When was the Canadian Pacific Railway completed?
Answer
On November 7, 1885 when Donald Smith drove the Last Spike at Craigellachie, British Columbia, completing the 4,667-kilometre transcontinental line from Montreal to Port Moody more than a year ahead of the contract schedule.
Explanation
The Canadian Pacific Railway (CPR) was completed on November 7, 1885 when Donald Smith drove the Last Spike at Craigellachie, British Columbia. The 4,667-kilometre transcontinental line ran from Montreal in the east to Port Moody, BC in the west and was completed more than a year ahead of the contract schedule. The CPR was the second-longest railway in the world at the time of its completion (after the Trans-Siberian Railway, which was being constructed concurrently). Its completion fulfilled the federal commitment to British Columbia at its 1871 entry into Confederation.
The CPR was incorporated by statute on February 16, 1881 (44 Victoria, c. 1) under the leadership of George Stephen, Donald Smith, James J. Hill, Norman Kittson, and Duncan McIntyre. The federal government provided subsidies of 25 million dollars in cash and 25 million acres of prairie land (later reduced to 7 million acres after the company preferred cash). The contract specified completion by 1891 (a 10-year period). William Cornelius Van Horne (1843 to 1915), an American railway executive, was hired as general manager in 1882 and drove the construction with extraordinary speed.
Construction faced enormous challenges. The Canadian Shield section north of Lake Superior (about 1,000 kilometres of muskeg, granite, and deep ravines) was the most difficult engineering challenge in railway history at the time. About 4,000 Chinese workers were employed on the British Columbia section through the Fraser Canyon and the Rocky Mountain passes; an estimated 600 to more than 1,000 Chinese workers died from accidents, disease, and exposure. Their wages were about half those of white workers. The federal Chinese Immigration Act of 1885 (the Head Tax) was imposed in part to discourage Chinese immigration after the railway's completion. Prime Minister Stephen Harper formally apologised for the Head Tax on June 22, 2006.
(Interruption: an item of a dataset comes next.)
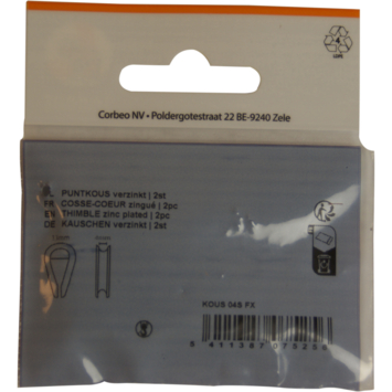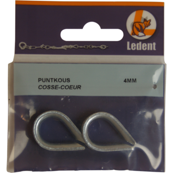 Puntkous voor koord of kabel van 4mm. Deze verzinkte puntkous is ideaal voor het maken van een lus aan het uiteinde van een koord of kabel. Ook geschikt om de koord te beschermen tegen doorslijten bij veelvuldige wrijving. De puntkous wordt dikwijls gecombineerd met een draadklem. Set van 4 stuks in blister.

The North-West Rebellion of March to May 1885 directly affected the railway. Federal troops were rushed west on the partially built CPR to suppress the rebellion at Batoche. The 1,000-kilometre transit took only about ten days, demonstrating the railway's strategic value and helping secure additional federal support for the project. The Last Spike ceremony at Craigellachie was modest (no champagne, just an iron spike); the famous photograph by Alexander Ross of George Stephen, Donald Smith, William Van Horne, Sandford Fleming, and others is one of the most iconic images in Canadian history. Regular passenger service began in June 1886. The CPR remained Canada's dominant transcontinental carrier for a century, played a central role in immigration to the prairies, and is now a major freight railway. The Last Spike site at Craigellachie is a Parks Canada national historic site.
Why this matters for your test
The CPR's completion bound Canada together as a transcontinental nation. Recognising the November 7, 1885 Last Spike at Craigellachie and the Chinese workers' contribution gives candidates two specific anchors.